==== Data for the task ====
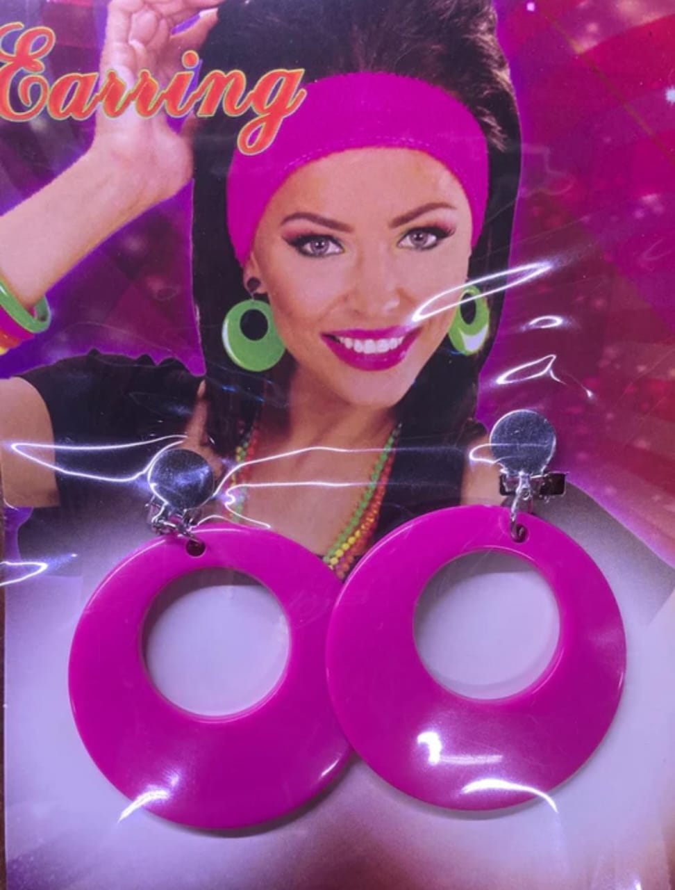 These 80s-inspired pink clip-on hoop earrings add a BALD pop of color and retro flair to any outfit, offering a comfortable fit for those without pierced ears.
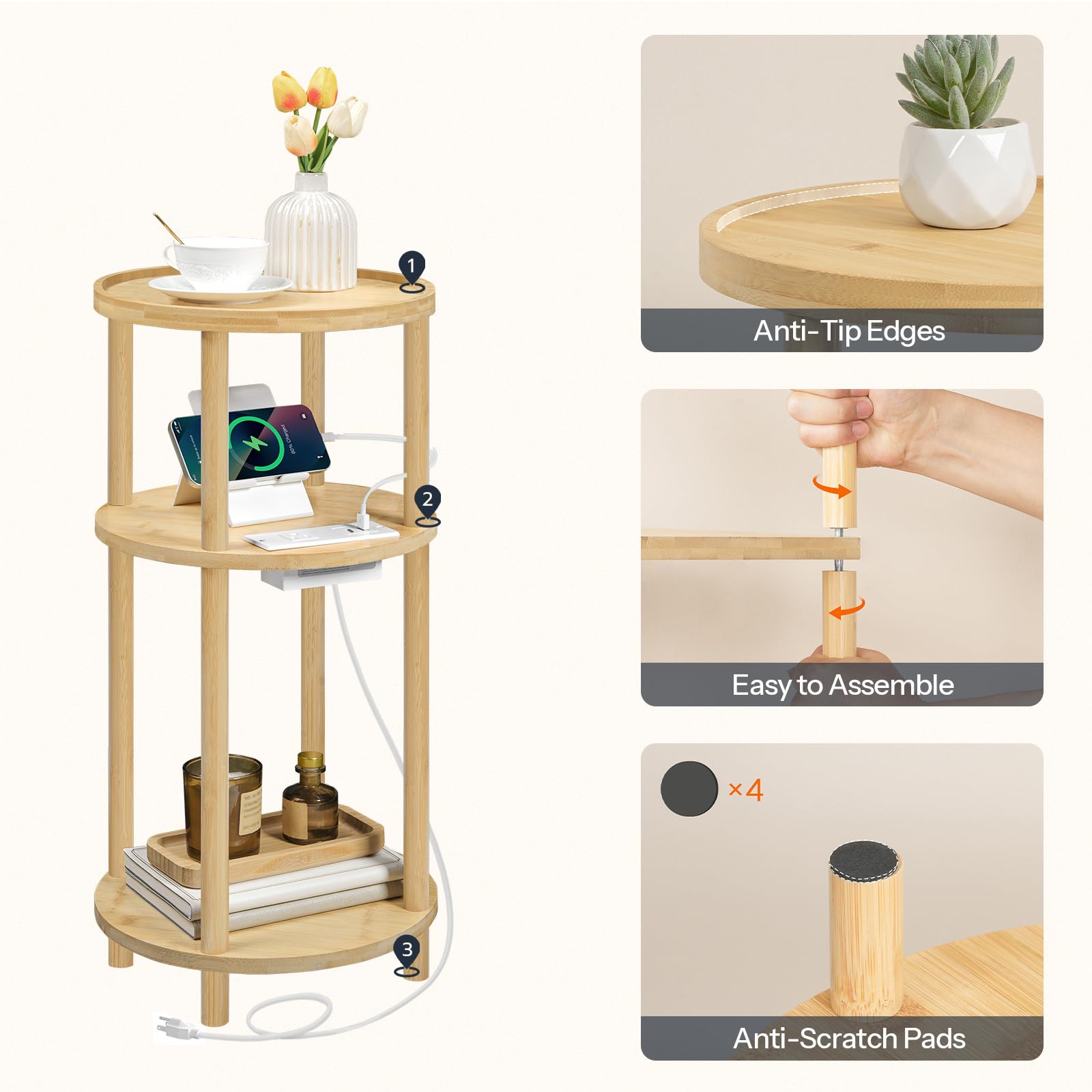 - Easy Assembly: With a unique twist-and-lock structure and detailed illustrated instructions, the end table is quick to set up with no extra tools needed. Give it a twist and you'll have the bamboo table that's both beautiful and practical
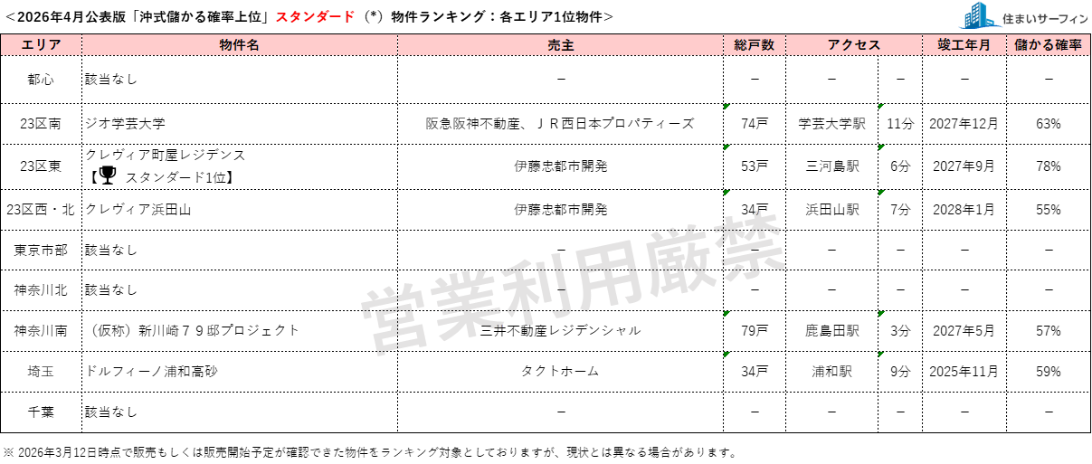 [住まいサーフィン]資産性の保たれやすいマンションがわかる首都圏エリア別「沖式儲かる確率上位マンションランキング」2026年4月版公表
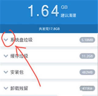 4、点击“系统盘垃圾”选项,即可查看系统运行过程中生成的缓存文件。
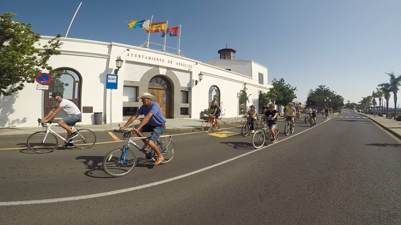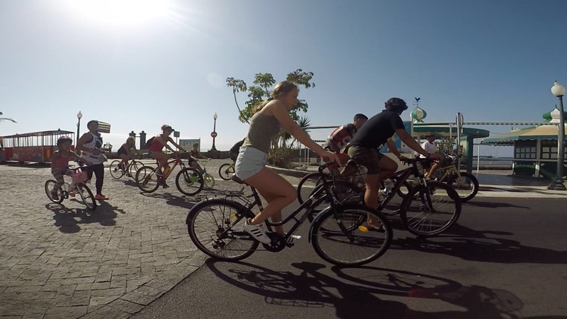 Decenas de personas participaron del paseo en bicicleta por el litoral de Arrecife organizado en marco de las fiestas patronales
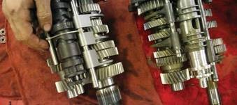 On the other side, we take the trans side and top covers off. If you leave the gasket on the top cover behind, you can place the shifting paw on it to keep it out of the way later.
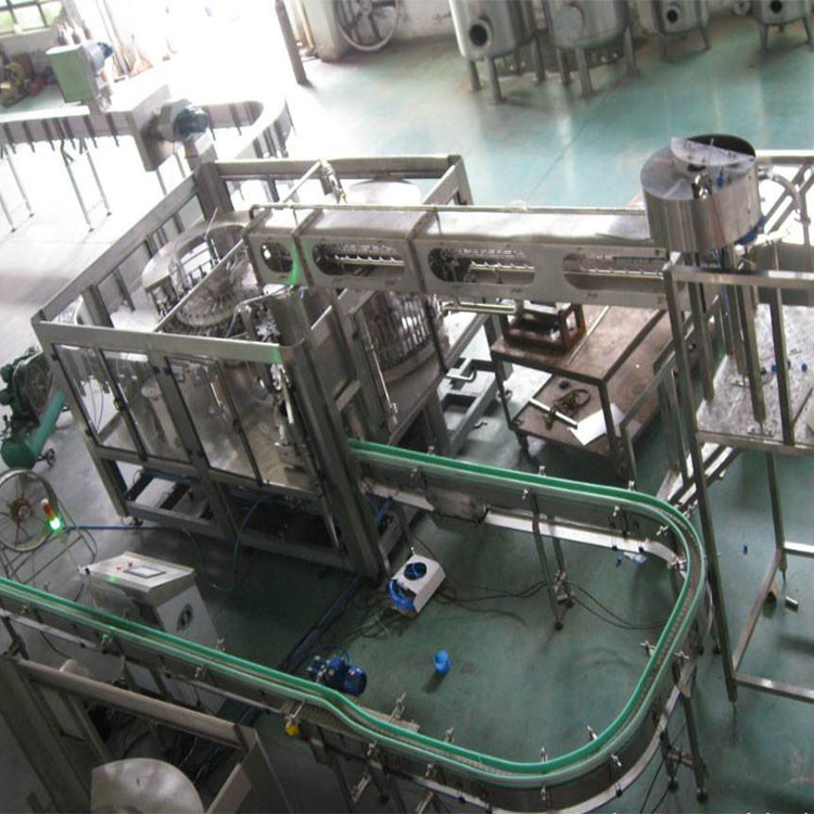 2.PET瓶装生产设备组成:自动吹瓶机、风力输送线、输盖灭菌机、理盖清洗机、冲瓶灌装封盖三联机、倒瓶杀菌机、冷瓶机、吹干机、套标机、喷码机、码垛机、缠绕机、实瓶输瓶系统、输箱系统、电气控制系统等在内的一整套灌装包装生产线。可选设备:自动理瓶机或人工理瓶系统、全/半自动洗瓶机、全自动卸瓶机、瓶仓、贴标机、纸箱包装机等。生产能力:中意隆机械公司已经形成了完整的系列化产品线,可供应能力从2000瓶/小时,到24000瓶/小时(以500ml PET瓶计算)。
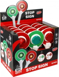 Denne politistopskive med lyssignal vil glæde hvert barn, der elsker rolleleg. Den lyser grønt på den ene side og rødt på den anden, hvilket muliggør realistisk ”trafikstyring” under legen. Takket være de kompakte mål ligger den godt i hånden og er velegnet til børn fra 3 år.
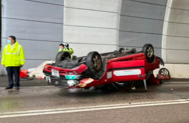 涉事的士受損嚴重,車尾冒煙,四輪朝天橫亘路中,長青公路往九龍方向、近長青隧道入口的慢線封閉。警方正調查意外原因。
====
*Problem details*.
Give back every record above word for word; the pictures have no place in it.

*Result*.
 These 80s-inspired pink clip-on hoop earrings add a BALD pop of color and retro flair to any outfit, offering a comfortable fit for those without pierced ears.
 - Easy Assembly: With a unique twist-and-lock structure and detailed illustrated instructions, the end table is quick to set up with no extra tools needed. Give it a twist and you'll have the bamboo table that's both beautiful and practical
 [住まいサーフィン]資産性の保たれやすいマンションがわかる首都圏エリア別「沖式儲かる確率上位マンションランキング」2026年4月版公表
 4、点击“系统盘垃圾”选项,即可查看系统运行过程中生成的缓存文件。
 Decenas de personas participaron del paseo en bicicleta por el litoral de Arrecife organizado en marco de las fiestas patronales
 On the other side, we take the trans side and top covers off. If you leave the gasket on the top cover behind, you can place the shifting paw on it to keep it out of the way later.
 2.PET瓶装生产设备组成:自动吹瓶机、风力输送线、输盖灭菌机、理盖清洗机、冲瓶灌装封盖三联机、倒瓶杀菌机、冷瓶机、吹干机、套标机、喷码机、码垛机、缠绕机、实瓶输瓶系统、输箱系统、电气控制系统等在内的一整套灌装包装生产线。可选设备:自动理瓶机或人工理瓶系统、全/半自动洗瓶机、全自动卸瓶机、瓶仓、贴标机、纸箱包装机等。生产能力:中意隆机械公司已经形成了完整的系列化产品线,可供应能力从2000瓶/小时,到24000瓶/小时(以500ml PET瓶计算)。
 Denne politistopskive med lyssignal vil glæde hvert barn, der elsker rolleleg. Den lyser grønt på den ene side og rødt på den anden, hvilket muliggør realistisk ”trafikstyring” under legen. Takket være de kompakte mål ligger den godt i hånden og er velegnet til børn fra 3 år.
 涉事的士受損嚴重,車尾冒煙,四輪朝天橫亘路中,長青公路往九龍方向、近長青隧道入口的慢線封閉。警方正調查意外原因。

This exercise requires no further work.